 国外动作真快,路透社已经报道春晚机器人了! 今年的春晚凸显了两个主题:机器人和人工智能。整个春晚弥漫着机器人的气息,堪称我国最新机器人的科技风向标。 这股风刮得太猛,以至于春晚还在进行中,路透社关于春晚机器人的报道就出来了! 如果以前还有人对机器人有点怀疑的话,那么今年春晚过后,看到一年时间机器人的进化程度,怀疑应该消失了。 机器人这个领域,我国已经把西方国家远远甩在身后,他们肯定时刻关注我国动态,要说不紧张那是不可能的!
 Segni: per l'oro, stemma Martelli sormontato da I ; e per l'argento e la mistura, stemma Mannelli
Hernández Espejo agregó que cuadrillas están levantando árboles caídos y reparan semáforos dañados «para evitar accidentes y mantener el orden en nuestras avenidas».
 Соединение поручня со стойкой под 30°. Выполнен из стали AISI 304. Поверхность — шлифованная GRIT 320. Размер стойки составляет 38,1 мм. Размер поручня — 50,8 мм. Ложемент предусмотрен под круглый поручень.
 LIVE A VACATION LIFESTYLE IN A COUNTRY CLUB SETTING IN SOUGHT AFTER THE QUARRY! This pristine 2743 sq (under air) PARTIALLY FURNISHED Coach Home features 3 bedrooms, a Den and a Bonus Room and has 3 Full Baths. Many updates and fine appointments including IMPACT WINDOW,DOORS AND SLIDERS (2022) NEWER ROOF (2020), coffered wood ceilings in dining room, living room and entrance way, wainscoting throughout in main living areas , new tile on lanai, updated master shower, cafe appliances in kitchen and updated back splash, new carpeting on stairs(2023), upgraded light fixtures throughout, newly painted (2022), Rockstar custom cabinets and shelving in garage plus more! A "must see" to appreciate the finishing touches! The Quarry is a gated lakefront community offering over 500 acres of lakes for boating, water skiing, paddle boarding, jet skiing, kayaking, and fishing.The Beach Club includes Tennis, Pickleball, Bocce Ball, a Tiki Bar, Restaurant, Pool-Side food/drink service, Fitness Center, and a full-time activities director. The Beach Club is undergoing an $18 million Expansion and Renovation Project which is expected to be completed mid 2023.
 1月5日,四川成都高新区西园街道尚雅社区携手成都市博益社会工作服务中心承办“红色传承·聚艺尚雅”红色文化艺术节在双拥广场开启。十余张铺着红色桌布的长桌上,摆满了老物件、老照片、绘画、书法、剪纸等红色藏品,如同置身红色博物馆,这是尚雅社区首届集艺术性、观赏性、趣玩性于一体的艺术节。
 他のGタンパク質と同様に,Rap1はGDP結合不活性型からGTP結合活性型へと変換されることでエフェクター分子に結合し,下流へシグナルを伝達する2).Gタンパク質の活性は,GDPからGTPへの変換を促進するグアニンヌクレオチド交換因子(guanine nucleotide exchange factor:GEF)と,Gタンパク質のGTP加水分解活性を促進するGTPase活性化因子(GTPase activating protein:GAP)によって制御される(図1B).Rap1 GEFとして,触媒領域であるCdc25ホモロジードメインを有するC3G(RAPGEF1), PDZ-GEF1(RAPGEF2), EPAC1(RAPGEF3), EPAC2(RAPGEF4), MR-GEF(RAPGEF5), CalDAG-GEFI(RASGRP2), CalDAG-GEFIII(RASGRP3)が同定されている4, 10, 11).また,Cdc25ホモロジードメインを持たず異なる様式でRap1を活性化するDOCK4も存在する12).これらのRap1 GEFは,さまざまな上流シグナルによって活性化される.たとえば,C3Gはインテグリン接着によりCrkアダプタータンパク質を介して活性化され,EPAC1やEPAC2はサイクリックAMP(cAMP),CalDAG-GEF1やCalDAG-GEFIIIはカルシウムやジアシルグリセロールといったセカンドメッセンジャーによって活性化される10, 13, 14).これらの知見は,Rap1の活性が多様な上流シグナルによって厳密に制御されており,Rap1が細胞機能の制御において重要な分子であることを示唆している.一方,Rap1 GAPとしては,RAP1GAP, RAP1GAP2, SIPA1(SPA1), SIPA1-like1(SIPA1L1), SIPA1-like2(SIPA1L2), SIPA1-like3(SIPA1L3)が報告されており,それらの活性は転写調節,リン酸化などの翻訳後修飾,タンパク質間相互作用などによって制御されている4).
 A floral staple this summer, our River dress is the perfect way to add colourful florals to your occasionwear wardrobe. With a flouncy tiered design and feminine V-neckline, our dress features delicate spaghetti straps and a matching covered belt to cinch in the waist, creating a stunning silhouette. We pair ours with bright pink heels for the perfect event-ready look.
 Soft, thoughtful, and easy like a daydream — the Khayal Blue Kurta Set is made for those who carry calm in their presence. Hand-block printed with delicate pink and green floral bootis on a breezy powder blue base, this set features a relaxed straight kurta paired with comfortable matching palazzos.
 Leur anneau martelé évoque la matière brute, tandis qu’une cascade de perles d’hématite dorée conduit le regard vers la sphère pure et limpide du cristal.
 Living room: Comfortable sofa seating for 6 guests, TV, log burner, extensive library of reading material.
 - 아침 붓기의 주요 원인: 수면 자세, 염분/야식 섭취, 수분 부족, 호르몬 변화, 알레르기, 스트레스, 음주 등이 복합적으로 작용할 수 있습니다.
══════
_How to complete this task:_ The response must hold only the lines above from the line with "Segni: per l'oro, stemma" through the line with "Соединение поручня со", each copied exactly, both ends kept.

_Solution to this exercise:_
 Segni: per l'oro, stemma Martelli sormontato da I ; e per l'argento e la mistura, stemma Mannelli
Hernández Espejo agregó que cuadrillas están levantando árboles caídos y reparan semáforos dañados «para evitar accidentes y mantener el orden en nuestras avenidas».
 Соединение поручня со стойкой под 30°. Выполнен из стали AISI 304. Поверхность — шлифованная GRIT 320. Размер стойки составляет 38,1 мм. Размер поручня — 50,8 мм. Ложемент предусмотрен под круглый поручень.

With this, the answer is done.